WHAT THE TASK ASKS: When the records are reproduced, each one must match exactly, and no picture may be kept.

RECORDS FOR THE EXERCISE:
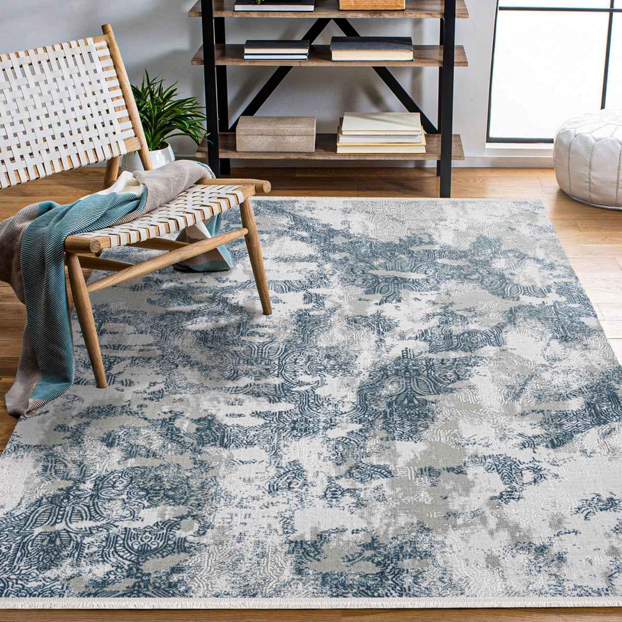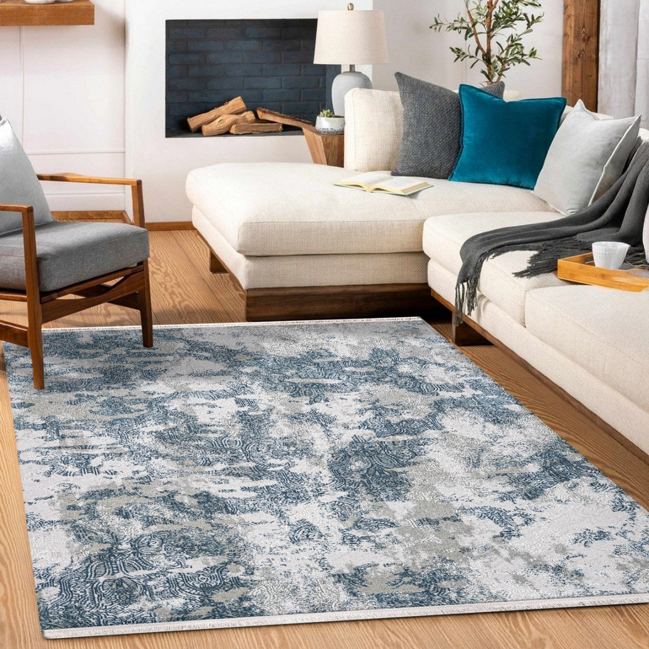 Arielo Mavi Modern Bambu Akrilik Makine Halısı
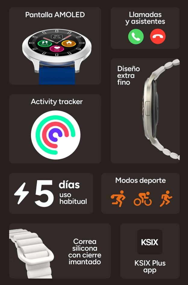 Core 3 se gestiona fácilmente desde la app KSIX Plus, donde puedes consultar tus datos y ajustar la experiencia a tu manera. Es compatible con smartphones Android® e iOS®, y permite sincronizar información con Apple® Salud, Google® Health y con aplicaciones externas como Strava.
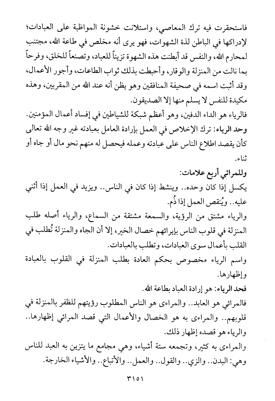 فاستحقرت فيه ترك المعاصي، واستلانت خشونة المواظبة على العبادات؛ لإدراكها في الباطن لذة الشهوات، فهو يرى أنه مخلص في طاعة الله، مجتنب لمحارم الله، والنفس قد أبطنت هذه الشهوة تزيناً للعباد، وتصنعاً للخلق، وفرحاً بما نالت من المنزلة والوقار، وأحبطت بذلك ثواب الطاعات، وأجور الأعمال، وقد أثبت اسمه في صحيفة المنافقين وهو يظن أنه عند الله من المقربين، وهذه مكيدة للنفس لا يسلم منها إلا الصديقون.
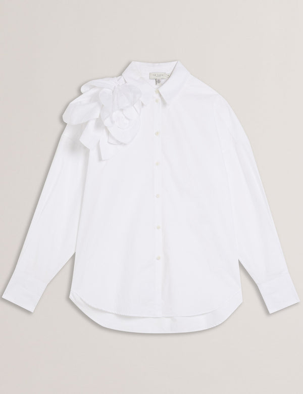 TED BAKER ALLAIOversized Corsage Detail Cotton Shirt WHITE | Sale Women’s Sale Tops
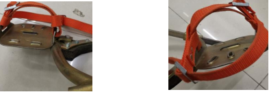 6、脚扣金属部件有无锈蚀,焊接处是否牢固,有无裂缝,脚扣皮带有无破损。
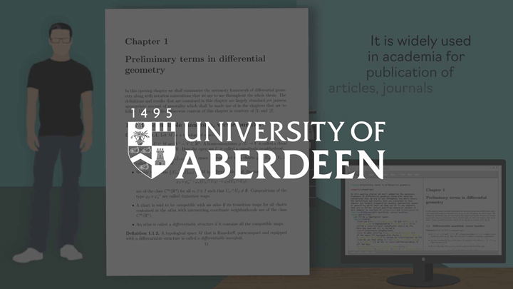 There are a variety of desktop and online LaTeX editors, including TeXMaker, TeXStudio, ShareLaTeX and Overleaf to name a few. We have featured a video tutorial produced by the University of Bath using the Overleaf editor. You can find the documents mentioned in the videos in the Links section below. The University of Aberdeen runs LaTeX workshops for PGR and PGT, and the workshop material (handouts and examples) can be downloaded as a ZIP in the Guides section.
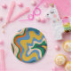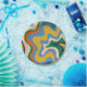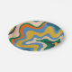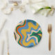 Retro Liquid Swirl Abstract Pattern Blue Mustard Paper Plate
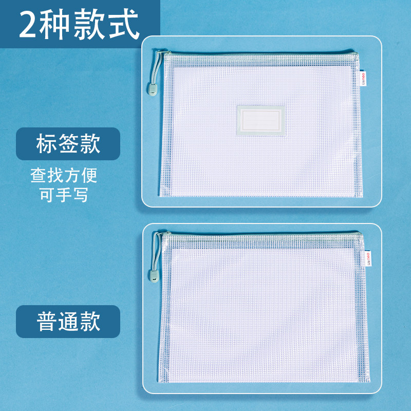 得力拉链袋文件袋学科袋学科分类收纳透明高中大学生用加厚防水档案科目试卷收纳装作业文具a4文件袋补习袋
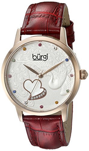 Studio : TWI Watches, LLC Publisher : TWI Watches, LLC Binding : Watch Product Description This beautifully crafted Burgi timepiece is guaranteed to capture your heart with its lovely 36mm case design with rose gold tone finish. Its polished exterior accentuates the elegant black dial that features both a heart studded with Swarovski crystals and a gorgeous peacock design. This beauty is further enhanced by the multi-color crystal markers! Powered by an accurate and reliable Miyota quartz movement and adorned with a red alligator embossed genuine leather strap, this women's timepiece is a testament of fashion and functionality combined. 0
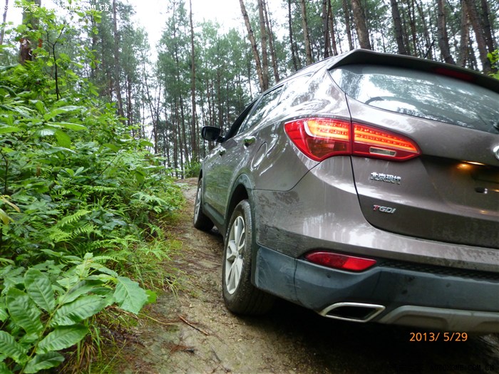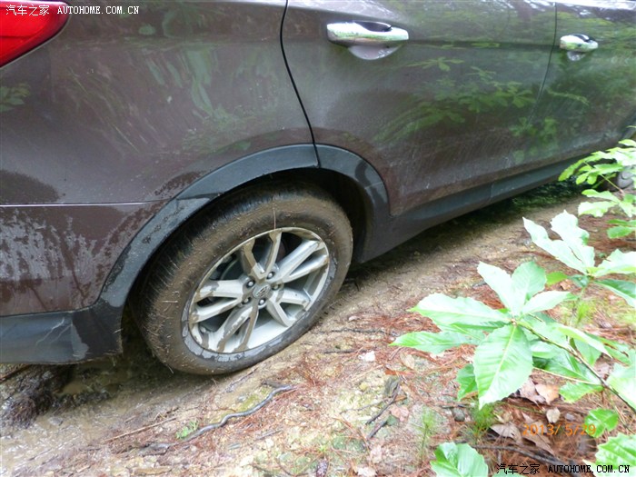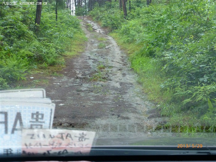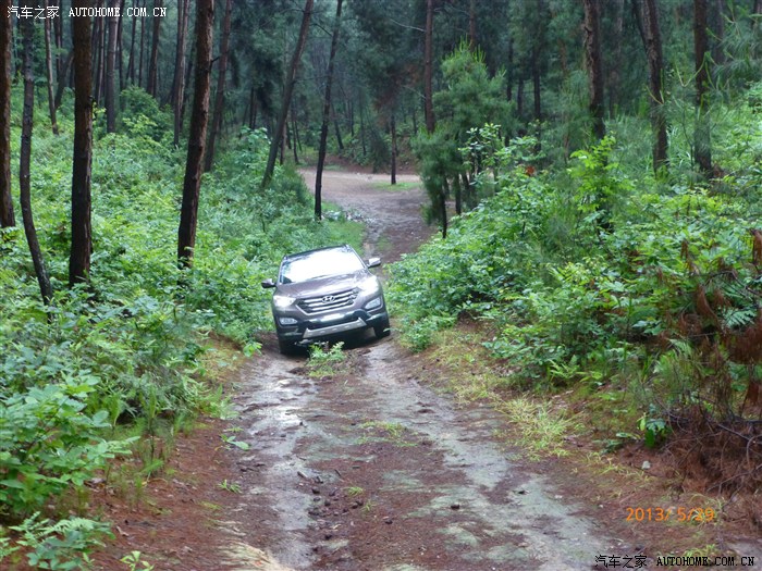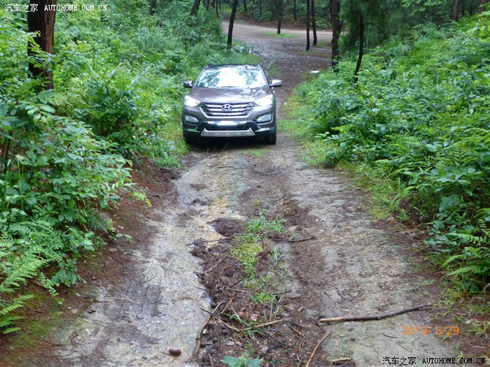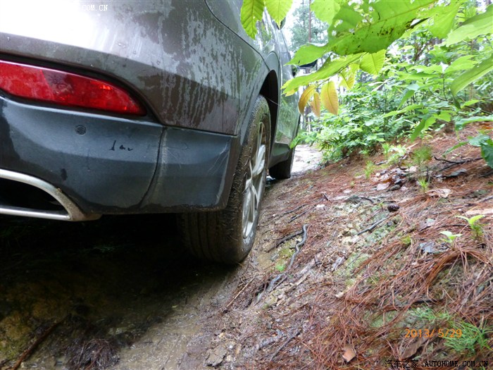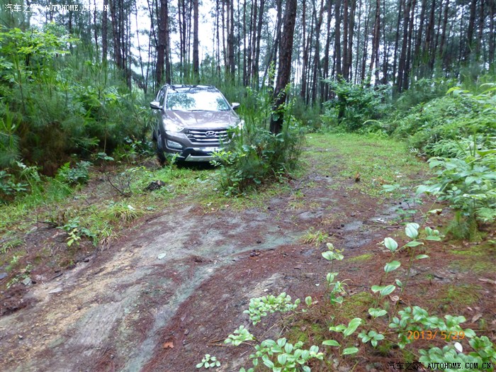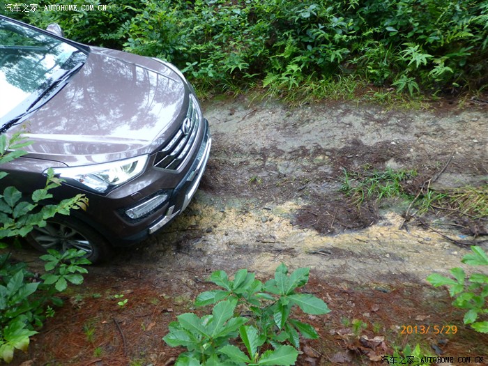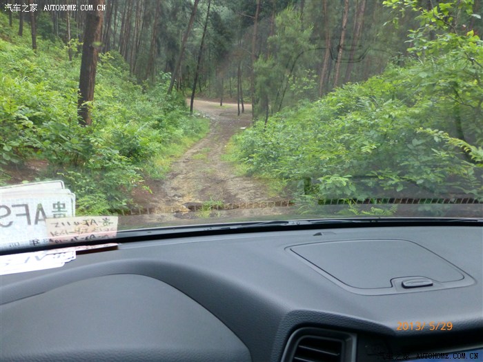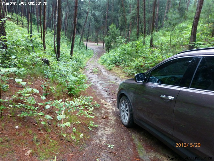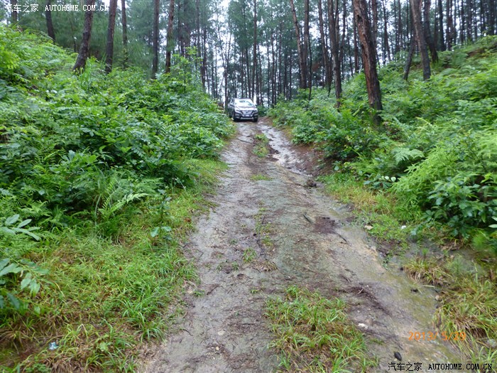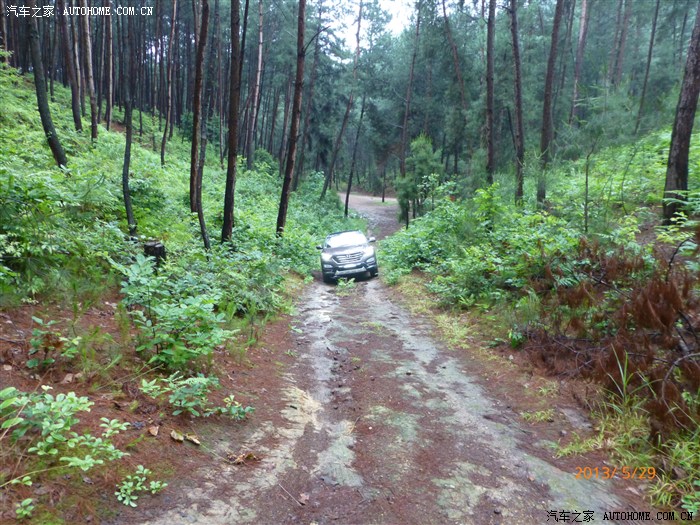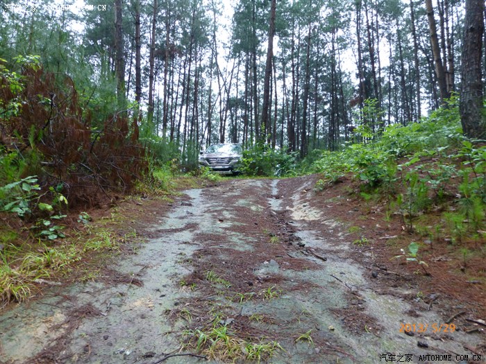 5月29号,瓢泼大雨从半夜一直持续到中午,13点左右逐渐停止,当天下午没什么工作,于是驾驶达达到了郊区一个荒无人烟的丘陵地带进行四驱测试,测试的道路坡度大约30度,坡长60米左右,道路属雨水冲刷后自然形成,路面凹凸不平且有几个大坑,测试开发后达达不怎么费力的用两驱到达了坡道的中间路段,选择一个有坑的地方停住后重新起步,前轮开始打滑,停住后接通四驱,再起步,达达没让我失望,顺利的到达了山顶,掉头后,下坡就非常简单了,到了坡道的中间,停住,打开陡坡缓降开关,挂D档,松脚刹,呵呵,车车并没有像我们想象的那样慢慢下去(比使用脚刹自己控制快多了),感觉到ABS介入后咯咯作响,车速可能有7-8公里每小时,着实吓了一跳。上图:
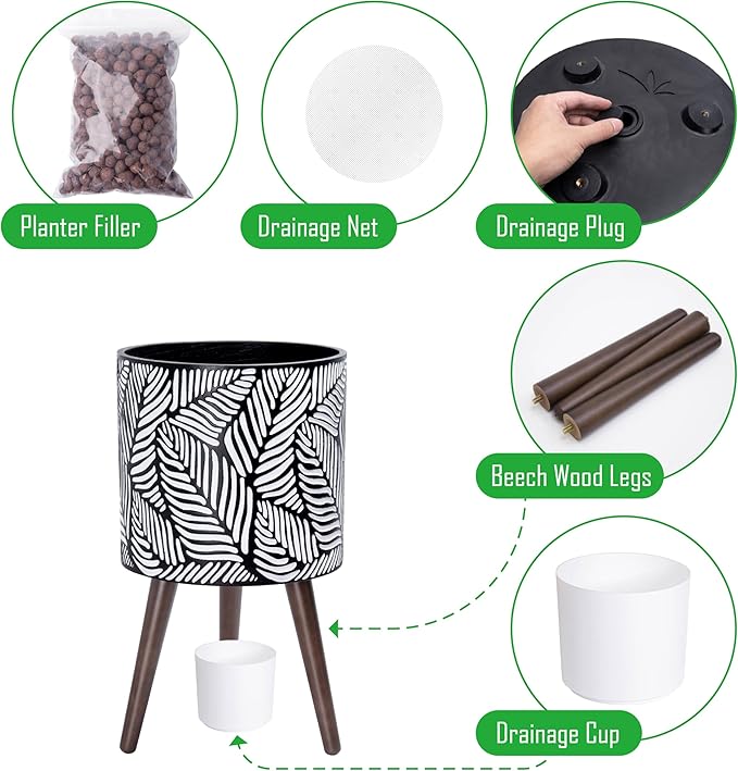 - What’s included: planter pot with drainage hole, drainage plug, set of stand – 3 solid wooden legs.
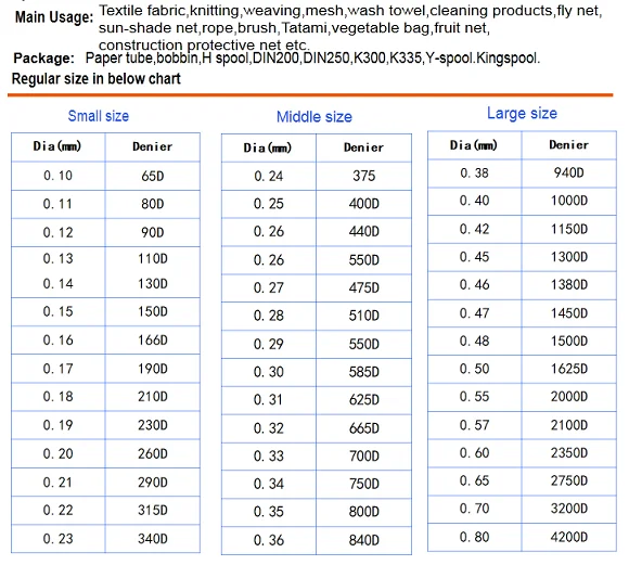 Product Name | 270D HDPE Polyethylene Monofilament Yarn | ||||

OUTPUT OF THE TASK:
 Arielo Mavi Modern Bambu Akrilik Makine Halısı
 Core 3 se gestiona fácilmente desde la app KSIX Plus, donde puedes consultar tus datos y ajustar la experiencia a tu manera. Es compatible con smartphones Android® e iOS®, y permite sincronizar información con Apple® Salud, Google® Health y con aplicaciones externas como Strava.
 فاستحقرت فيه ترك المعاصي، واستلانت خشونة المواظبة على العبادات؛ لإدراكها في الباطن لذة الشهوات، فهو يرى أنه مخلص في طاعة الله، مجتنب لمحارم الله، والنفس قد أبطنت هذه الشهوة تزيناً للعباد، وتصنعاً للخلق، وفرحاً بما نالت من المنزلة والوقار، وأحبطت بذلك ثواب الطاعات، وأجور الأعمال، وقد أثبت اسمه في صحيفة المنافقين وهو يظن أنه عند الله من المقربين، وهذه مكيدة للنفس لا يسلم منها إلا الصديقون.
 TED BAKER ALLAIOversized Corsage Detail Cotton Shirt WHITE | Sale Women’s Sale Tops
 6、脚扣金属部件有无锈蚀,焊接处是否牢固,有无裂缝,脚扣皮带有无破损。
 There are a variety of desktop and online LaTeX editors, including TeXMaker, TeXStudio, ShareLaTeX and Overleaf to name a few. We have featured a video tutorial produced by the University of Bath using the Overleaf editor. You can find the documents mentioned in the videos in the Links section below. The University of Aberdeen runs LaTeX workshops for PGR and PGT, and the workshop material (handouts and examples) can be downloaded as a ZIP in the Guides section.
 Retro Liquid Swirl Abstract Pattern Blue Mustard Paper Plate
 得力拉链袋文件袋学科袋学科分类收纳透明高中大学生用加厚防水档案科目试卷收纳装作业文具a4文件袋补习袋
 Studio : TWI Watches, LLC Publisher : TWI Watches, LLC Binding : Watch Product Description This beautifully crafted Burgi timepiece is guaranteed to capture your heart with its lovely 36mm case design with rose gold tone finish. Its polished exterior accentuates the elegant black dial that features both a heart studded with Swarovski crystals and a gorgeous peacock design. This beauty is further enhanced by the multi-color crystal markers! Powered by an accurate and reliable Miyota quartz movement and adorned with a red alligator embossed genuine leather strap, this women's timepiece is a testament of fashion and functionality combined. 0
 5月29号,瓢泼大雨从半夜一直持续到中午,13点左右逐渐停止,当天下午没什么工作,于是驾驶达达到了郊区一个荒无人烟的丘陵地带进行四驱测试,测试的道路坡度大约30度,坡长60米左右,道路属雨水冲刷后自然形成,路面凹凸不平且有几个大坑,测试开发后达达不怎么费力的用两驱到达了坡道的中间路段,选择一个有坑的地方停住后重新起步,前轮开始打滑,停住后接通四驱,再起步,达达没让我失望,顺利的到达了山顶,掉头后,下坡就非常简单了,到了坡道的中间,停住,打开陡坡缓降开关,挂D档,松脚刹,呵呵,车车并没有像我们想象的那样慢慢下去(比使用脚刹自己控制快多了),感觉到ABS介入后咯咯作响,车速可能有7-8公里每小时,着实吓了一跳。上图:
 - What’s included: planter pot with drainage hole, drainage plug, set of stand – 3 solid wooden legs.
 Product Name | 270D HDPE Polyethylene Monofilament Yarn | ||||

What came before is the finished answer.